Department of Internal Medicine, Semmelweis University, Budapest, Hungary.
Department of Bioinformatics, Semmelweis University, Budapest, Hungary.
Clin Transl Gastroenterol. 2023 Feb 1;14(2):e00517. doi: 10.14309/ctg.0000000000000517.
By linking cellular content and molecular subtypes of colorectal cancer (CRC), we aim to uncover novel features useful for targeted therapy. Our first goal was to evaluate gene expression alterations linked to CRC pathogenesis, and then, we aimed to evaluate the cellular composition differences between normal colon mucosa and tumor and between different colon cancer molecular subtypes.
We collected microarray and RNA sequencing data of patients with CRC from the Genome Expression Omnibus and The Cancer Genome Atlas. We combined all cases and performed quantile normalization. Genes with a fold change of >2 were further investigated. We used xCell for cellular decomposition and CMScaller for molecular subtyping. For statistical analyses, the Kruskal-Wallis H test and Mann-Whitney U tests were performed with Bonferroni correction.
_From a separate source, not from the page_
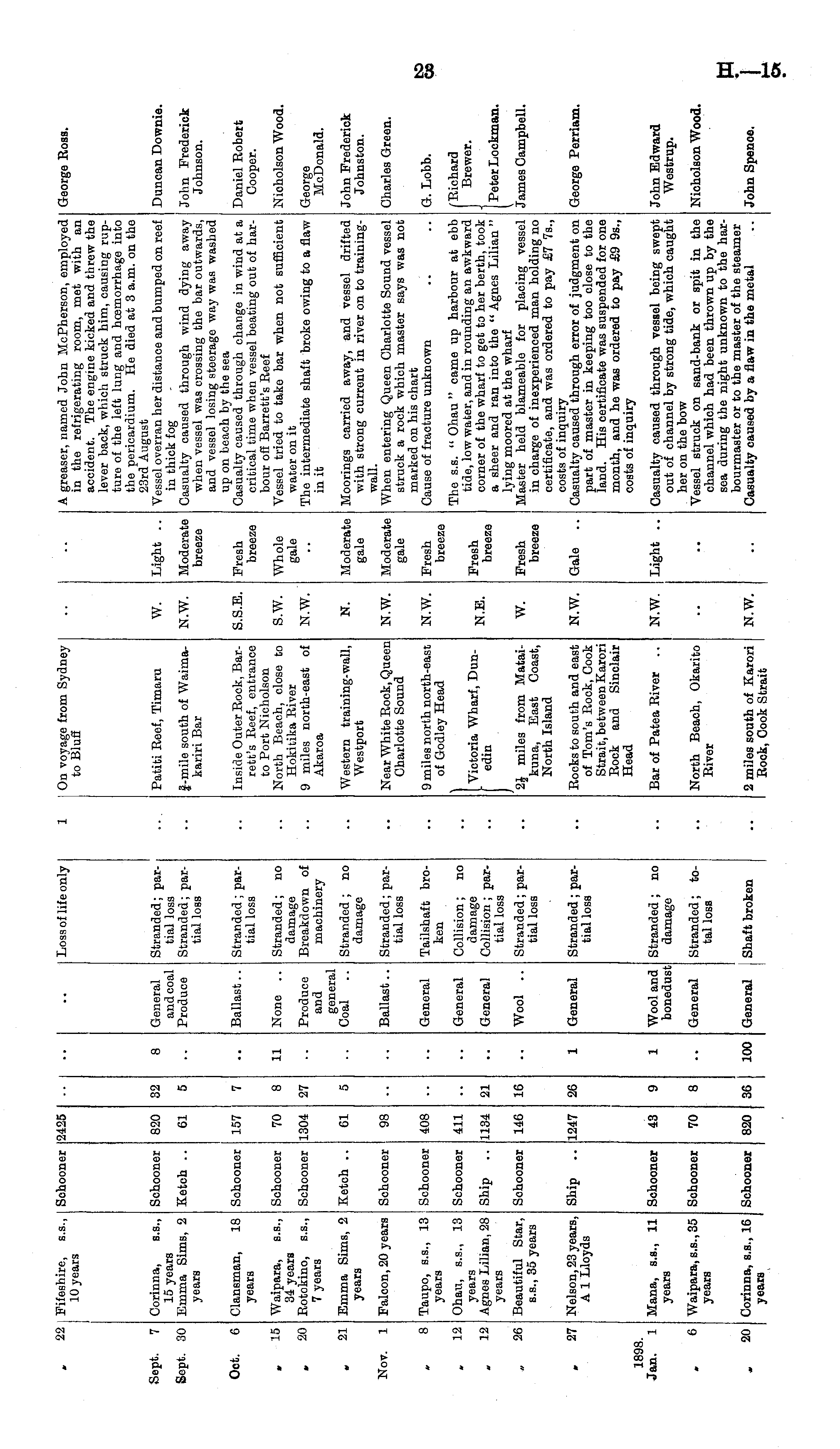 „ 2Z Fifeehire, s.s., 10 years looner Loss of life only On voyage from Sydney to Bluff A greaser, named John McPherson, employed in the refrigerating room, met with an accident. The engine kicked and threw the lever back, which struck him, causing rupture of the left lung and hcamorrhage into the pericardium. He died at 3 a.m. on the 23rd August Vessel overran her distance and bumped on reef in thick fog Casualty caused through wind dying away when vessel was crossing the bar outwards, and vessel losing steerage way was washed up on beach by the sea Casualty caused through change in wind at a critical time when vessel beating out of harbour off Barrett's Reef Vessel tried to take bar when not sufficient water on it The intermediate shaft broke owing to a flaw in it George Ross. Sept. 7 Corinna, s.s., 15 years Emma Sims, 2 years Stranded; partial loss Stranded; partial loss Patiti Reef, Timaru Duncan Downie Sohooner 820 32 8 General and coal Produce W. Light .. Sept. 30 Ketoh .. 61 5 j-mile south of Waimakariri Bar N.W. Moderate breeze John Frederick Johnson. Oct. 6 Clansman, 18 years Sohooner 157 Ballast.. Stranded; partial loss Inside Outer Rook, Barrett's Beef, entrance to Port Nicholson North Beach, close to Hokitika River 9 miles north-east of Akaroa S.S.E. Fresh breeze Daniel Robert Cooper. . 15 Waipara, e.s., 34 years Rotokino, s.s., 7 years Schooner 70 8 11 None .. Stranded; no damage Breakdown of machinery S.W. Whole gale Nicholson Wood . 20 Schooner 1304 27 Produce and general Coal .. N.W. George McDonald. . 21 Emma Sims, 2 years Ketch .. 61 Stranded ; no damage Western training-wall, Westport N. Moderate gale Moorings carried away, and vessel drifted with strong current in river on to trainingwall. When entering Queen Charlotte Sound vessel struck a rock which master says was not marked on his chart Cause of fracture unknown John Frederick Johnston. Nov. 1 Falcon, 20 years Schooner 98 Ballast.. Stranded; partial loss Near White Rook, Queen Charlotte Sound N.W. Moderate gale Charles Green. 8 Taupo, s.s., 13 years Ohau, s.s., 13 years Agnes Lilian, 28 years Schooner 408 General Tailshaft broken 9 miles north north-east of Godley Head N.W. Fresh breeze G. Lobb. 12 Sohooner 411 General Collision; no damage Collision; partial loss I Victoria Wharf, Dunedin 2J miles from Mataikuna, East Coast, North Island N.E. The s.s. " Ohau " came up harbour at ebb tide, low water, and in rounding an awkward corner of the wharf to get to her berth, took a sheer and ran into the " Agnes Lilian " lying moored at the wharf Master held blameable for placing vessel in charge of inexperienced man holding no certificate, and was ordered to pay £7 7s., costs of inquiry Casualty caused through error of judgment on part of master in keeping too close to the land. His certificate was suspended for one month, and he was ordered to pay £9 9s., costs of inquiry I Richard Brewer. Peter Lockmar James Campbell 12 Ship .. 1134 21 General Fresh breeze 26 Beautiful Star, s.s., 35 years Sohooner 146 Wool .. Stranded; partial loss W. Fresh breeze 16 . 27 Nelson, 23 years, A 1 Lloyds Ship .. General Stranded; partial loss Rocks to south and east of Tom's Rock, Cook Strait, between Karori Rock and Sinclair Head N.W. Gale .. George Perriam 1247 26 1898. Jan. 1 Mana, s.s., 11 years Stranded ; no damage John Edward Westrup. Schooner 43 Wool and bonedust Bar of Patea River N.W. Light .. Casualty caused through vessel being swept out of channel by strong tide, which caught her on the bow Vessel struck on sand-bank or spit in the channel which had been thrown up by the sea during the night unknown to the harbourmaster or to the master of the steamer Casualty caused by a flaw in the metal 6 Waipara, s.s., 35 years Schooner 70 General Stranded; total loss North Beach, Okarito River Nicholson Wood 20 Corinna, s.s., 16 years Schooner General ! Shaft broken 2 miles south of Karori Rock, Cook Strait N.W. John Spence. 820 36 100

We established an integrated database of normal colon and CRC using transcriptomic data of 1,082 samples. By using this data set, we identified genes showing the highest differential expression in colon tumors. The top genes were linked to calcium signaling, matrix metalloproteinases, and transcription factors. When compared with normal samples, CD4+ memory T cells, CD8+ naive T cells, CD8+ T cells, Th1 cells, Th2 cells, and regulatory T cells were enriched in tumor tissues. The ImmuneScore was decreased in tumor samples compared with normal samples. The CMS1 and CMS4 molecular subtypes were the most immunogenic, with the highest ImmuneScore but also high infiltration by CD8+ T cells, Th1 cells, and Th2 cells in CMS1 and B-cell subtypes and CD8+ T cells in CMS4.
Our analysis uncovers features enabling advanced treatment selection and the development of novel therapies in CRC.
通过将结直肠癌(CRC)的细胞内容物和分子亚型联系起来,我们旨在发现对靶向治疗有用的新特征。我们的首要目标是评估与 CRC 发病机制相关的基因表达改变,然后评估正常结肠黏膜与肿瘤之间以及不同结直肠癌分子亚型之间的细胞组成差异。
我们从基因组表达综合数据库和癌症基因组图谱中收集了结直肠癌患者的微阵列和 RNA 测序数据。我们合并了所有病例并进行了分位数归一化。进一步研究了 fold change > 2 的基因。我们使用 xCell 进行细胞分解,使用 CMScaller 进行分子分型。对于统计分析,使用 Kruskal-Wallis H 检验和 Mann-Whitney U 检验,并进行了 Bonferroni 校正。
我们使用 1082 个样本的转录组数据建立了一个正常结肠和 CRC 的综合数据库。使用这个数据集,我们确定了在结肠肿瘤中表现出最高差异表达的基因。排名靠前的基因与钙信号、基质金属蛋白酶和转录因子有关。与正常样本相比,肿瘤组织中富集了 CD4+记忆 T 细胞、CD8+幼稚 T 细胞、CD8+T 细胞、Th1 细胞、Th2 细胞和调节性 T 细胞。与正常样本相比,肿瘤样本中的 ImmuneScore 降低。CMS1 和 CMS4 分子亚型最具免疫原性,具有最高的 ImmuneScore,但也有高浸润的 CD8+T 细胞、Th1 细胞和 Th2 细胞在 CMS1 和 B 细胞亚型和 CD8+T 细胞在 CMS4。
我们的分析揭示了在 CRC 中实现先进治疗选择和开发新疗法的特征。